Talas berlari keluar ruangan, untuk memanggil dokter yang sedang duduk. Baru saja meminum jamuan kopi, sudah lari terbirit-birit. Dokter tersebut memeriksa keadaan Labu, yang kejang-kejang.
"Kenapa, apa yang sakit lagi?" tanya dokter.
"Perutku sungguh sakit, aku tidak tahan." Labu meringis, seraya memegangi perutnya.
Kentang, Ubi, dan Talas berjoget heboh, untuk menghibur temannya yang sakit. Wartel memukul lengan mereka satu persatu. Labu terpaksa disuntik bius, supaya sakitnya mereda. Pakis sang kakak mengacak rambut frustasi, segera pergi keluar rumah untuk mencari pertolongan.

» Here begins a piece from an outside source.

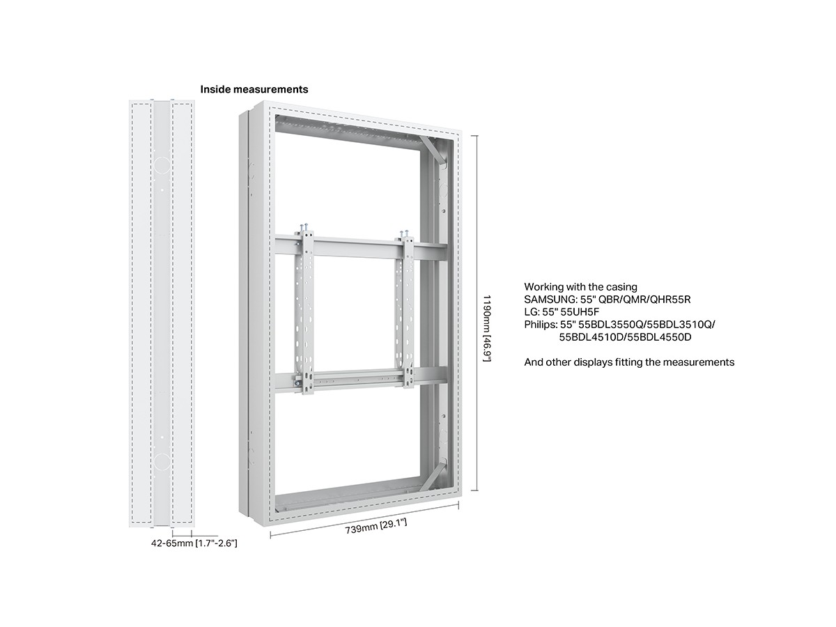 | Installation: | Samsung QBR/QMR/QHR55R/OM55B/OM55N-S QMB-T 55 (Tested and approved by Samsung) LG 55UH5F, 55UH7F, 55UL3J-E, 55TNF5J Philips 55BDL3550Q/55BDL3510Q/55BDL4510D/55BDL3511Q/ 55BDL4550D/55BDL4511D/ 55BDL4650D Sharp PNHW551 Sony FW-55BZ40L BenQ SL5502K/ ST5502S + other 55" displays not model specified here (check measurements). |

Pare tampak seperti mayat, padahal masih hidup. Sudah satu bulan Mbah Moleng berada di rumah sakit, hanya untuk memantau kondisinya. Berbagai mantra sakti telah dibacakan, masih saja penyakit itu kembali lagi pada Pare.
"Putraku, Ibu tidak ingin kamu mati. Semoga kamu lekas sembuh, karena uang tabungan sudah dipakai untuk berobat." Baidah melihat putranya, yang masih terbaring lemah di ranjang pasien.
"Ya doakan saja Bu, sambil terus berusaha." Wartel menyemangati Baidah.
Talas, Ubi, dan Kentang juga merasa iba dengan Pare, yang semakin hari tampak kurus. Selama ini Pare ceria, paling membuat heboh di tempat kerja.
"Pare, kami rindu dengan tingkah kamu yang suka menciptakan lawakan." ujar Talas.
"Iya Pare, mengapa kamu dan Labu harus mengalami sakit yang sama." timpal Ubi.
"Ini sudah takdir, kita hanya bisa mendoakan sembari menerima dengan hati yang lapang." jawab Wartel.
Wartel sebenarnya sedih, karena Labu mendadak sakit setelah menjadi pacarnya. Ada yang tidak beres, namun tidak tahu harus mencurigai objek yang mana.